FAIR-V

Revision as of 15:35, 25 September 2020 by Aldo Tragni (talk | contribs) (Simplified section on strategies)

First-Approval Instant-Runoff Voting (FAIR-V) is a Single-Winner Cardinal voting systems developed by Aldo Tragni.

The objectives of this voting system is the balance between simplicity, resistance to strategies, and elect the utilitarian winner.

Procedure

Voter score candidates with ratings in [0,3]. Set -1 points to the lowest ratings in each vote (0 to all others).

  1. The candidate with the lowest sum of points is eliminated (if in a single vote all candidates with -1 are eliminated, then the remaining candidates with the lowest rating will be set to -1).

Procedures 1 is repeated, until only one candidate remains, who is the winner.

Normalization

Bullet Min Norm: set -1 the minimum value of the ballot to normalize, and the others all to 0.

Using this norm, it's possible to apply the FAIR-V procedure also to ranges with more than 4 ratings.

Name derivation

First-Approval Instant-Runoff Voting:

  • "First": refers to the FPTP in which the voter chooses the best candidate to win. In FAIR-V the first choices are such, as long as there are "bad" candidates. After the "bad" candidates have all been eliminated from a ballot, then only the "good" ones are treated as the first choice.
  • "Approval": refers to the fact that the voter's first choices can be more than 1, as in AV.
  • "Instant-Runoff": refers to the fact that, by eliminating one candidate at a time, only two will remain at the end, obtaining the "Instant-Runoff" (comparison of the top two candidates head-to-head).

FAIR-nV: the FAIR-V norm works with ranges of different sizes and n indicates the number of ratings used in the range, minus 1.

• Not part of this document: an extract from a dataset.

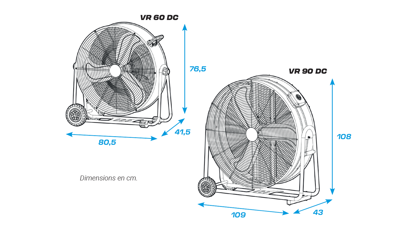 Les ventilateurs industriels mobiles DC VR 60 DC et VR 90 DC s’adaptent à de nombreux environnements : industriels, agricoles ou événementiels. Le modèle VR 60 DC est idéal pour les espaces moyens, tels que les ateliers ou entrepôts, où une bonne circulation de l’air est essentielle.

  • FAIR-1V: it's equivalent to AV, with ratings in [0,1].
  • FAIR-V: is the default definition, with ratings in [0,3].
  • FAIR-5V: uses ratings in [0,5].
  • FAIR-9V: uses ratings in [0,9].

Strategies resistance

Min-maxing

Properties of FAIR-V:

  • increase rating of the candidate X in one vote doesn't change the chance of victory for candidates rated below the old rating of X.
  • decreasing rating of the candidate X in one vote doesn't change the chance of victory for candidates rated below the new rating of X.

These properties mean that in FAIR-V a voter cannot favor a candidate more than the worst ones, by increasing his rating.

Example, given this honest vote:
  A[0] B[1] C[2] D[3]   -->   Normalized: A[-1] B[0] C[0] D[0]
if the voter only wanted to increase the chance of victory of B,C,D with respect to A, then vote like this is useless:
  A[0] B[3] C[3] D[3]   -->   Normalized: A[-1] B[0] C[0] D[0]

Voting lesser of two evils

Consider 2 frontrunners F1 and F2, among which the voter considers F1 > F2.

The properties indicated in the previous section ensure that the only interest of the voter is to decrease the rating of F2, leaving the rating of F1 unchanged.

If only F1 and F2 remain at the end of the count, it's sufficient only that those have two different ratings to ensure that the weight of the vote is maximum in favor of F1. This specifically ensures that F1 receives rating 0 if it's the worst candidate among all, or receives 1 if there are candidates much worse than F1 but not frontrunners (minorities); in both cases, the vote would remain very honest.

Monotonicity failure

Using the Yee diagram it was possible to observe that FAIR-V procedure is extremely resistant to the failure of monotonicity[1], so the Push-over strategy can be considered practically absent.

Voting systems comparison

IRV

IRV assigns 1 point to the candidate with the highest rating, while FAIR-V assigns -1 point to the candidate with the lowest rating; both eliminate at each step the candidate with the lowest sum of points.

A big difference between the 2 types of counting is that in FAIR-V the failure of monotonicity is practically absent, while IRV is one of the systems in which it's most present.

PRO-V

FAIR-V is more resistant to strategies, but has a more complex procedure than PRO-V.

References

  1. Aldo Tragni. "Strong monotonicity failure resistance". Retrieved 1 September 2020.